PostPosted: Sun Sep 05, 2010 11:07 pm    Post subject: Reply with quote

Pulled those same messages out of /var/log/messages to get some timestamps on events, but I don't see any additional helpful info. FYI, system clock seems to be running about 12 hours ahead for some reason, but I doubt that's related.

Summary:

9/5 15:23 - RAID reshaping started ok

9/6 02:52 - Ext4 filesystem on that array is mounted (which all the instructions I've seen insist is ok to do while reshaping is in progress)

9/6 02:55 - Ext4 filesystem is remounted

9/6 02:58 - Ext4 filesystem is remounted

9/6 03:54-03:56 - All those "blocked" event messages, most relating to the md0 RAID array

9/6 04:46-current - Bunch of ssh connects and disconnects after I noticed it wasn't responding. No error messages.


I've trying unmounting the ext4 filesystem on the md0 array to see if that would help, but it keeps telling me the filesystem is in use. lsof shows that an sftp-server process is hanging onto it. I've tried "kill -9"ing the process, but it's still there, and with the same pid. I assume it's in an uninterruptable sleep state waiting on some input. I tried restarting sshd thinking that might free up the parent process or something, but no dice. At this point I'm not sure if the mounted and locked filesystem is the cause of all these other problems or just one more symptom.

** And just in the time it took me to type this last post something else seems to have happened, because now any command I attempt to run via ssh just sits there after I enter my password and eventually times out with a "Write failed: broken pipe" error.

Question for any RAID experts out there:

My RAID seems to be in a reasonably consistent state, since I was able to see all the files in that filesystem ok around the time everything locked up. If I get to the point where I have to restart the system, will it pick up the reshaping where it left off? Start it over? Be totally borked? Here's a description of the process I took to get to where I am:

Started with a 3-disk RAID5, based on 1.5 TB primary partitions on 1.5 TB disks.

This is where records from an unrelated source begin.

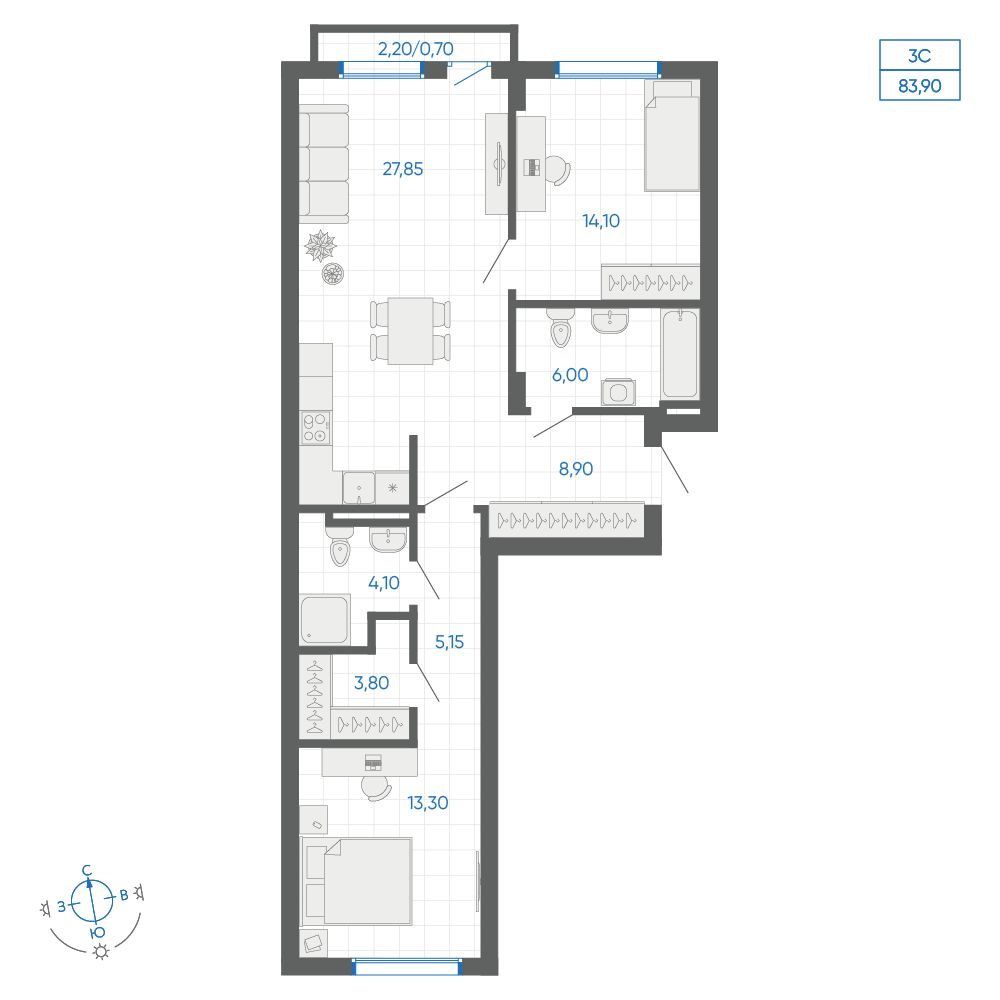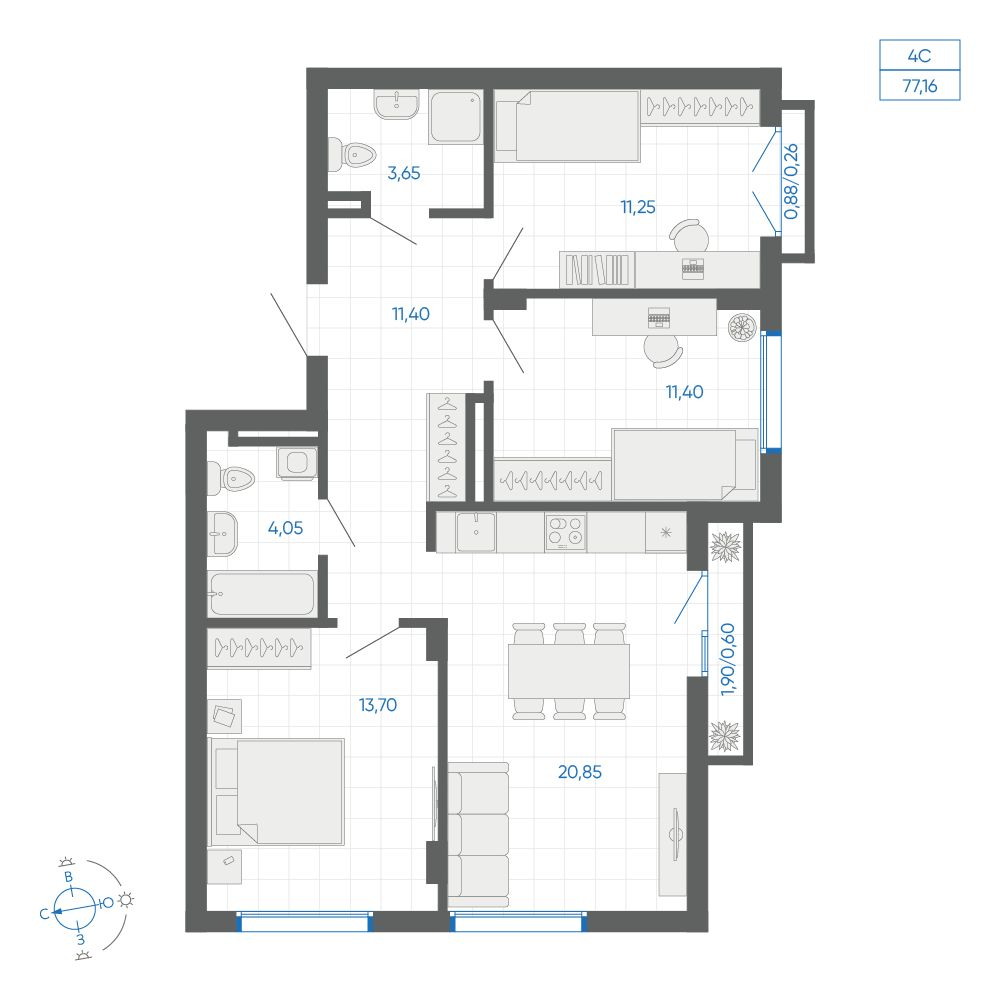 3-комнатная 75.9 м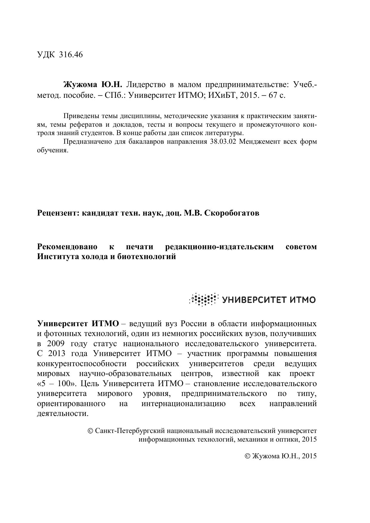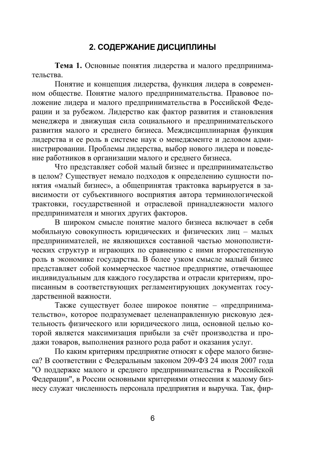 Лидерство в малом предпринимательстве: учебно-методическое пособие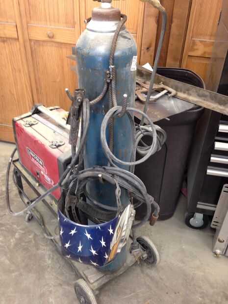 Un soldador MIG tiene varios cables que fácilmente caen en el suelo y atrapar bajo las ruedas del carro al mover el soldador. Incluso si el soldador no se mueve, colgar o caer apagado de la máquina y el tanque. Basada libremente en una foto que vi, este Instructable le mostrará cómo hacer un soporte sencillo y económico para la organización de los diferentes cables y para colgar el casco.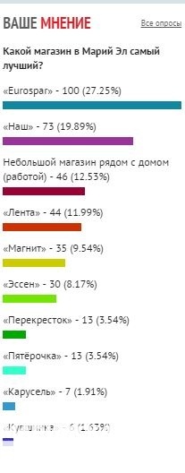 Уже неделю посетители покупатели голосуют за самую лучшую сеть супермаркетов, расположенных в Марий Эл. Лидеры - «Eurospar» и «Наш» - определились в первый же день, а вот третий претендент на победу в недельном рейтинге изменился.
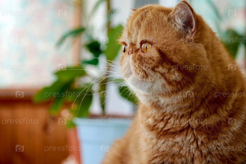 Оранжевая экзотическая короткошерстная взрослая кошка сидит на балконе. Домашняя кошка смотрит из окна на улицу

mdadm --add /dev/md0 /dev/md1p1 // Added new 1.5 TB partition as hot spare

mdadm --grow /dev/md0 --level=6 --raid-devices=4 --backup-file=/convert_md0.bak // Switched to RAID 6, where mdadm should have detected the hot spare as a failed 2nd parity disk and rebuilt it accordingly - and that seems to be what started happening without problems

Last I checked before all the madness started it was about 12% of the way through the process.
Back to top
View user's profile Send private message
MikeHartman
n00b
n00b


Joined: 27 Jul 2009
Posts: 29

PostPosted: Mon Sep 06, 2010 3:25 am    Post subject: Reply with quote

Well, after much Googling around I didn't find any immediately useful info. The general vibe seems to be that resuming something like this should work though, so I finally gave up and restarted the machine. The /dev/md0 array wasn't rebuilt automatically (I wasn't expecting it to) but everything else seems to have come up ok and I can use bash/ssh/etc. again.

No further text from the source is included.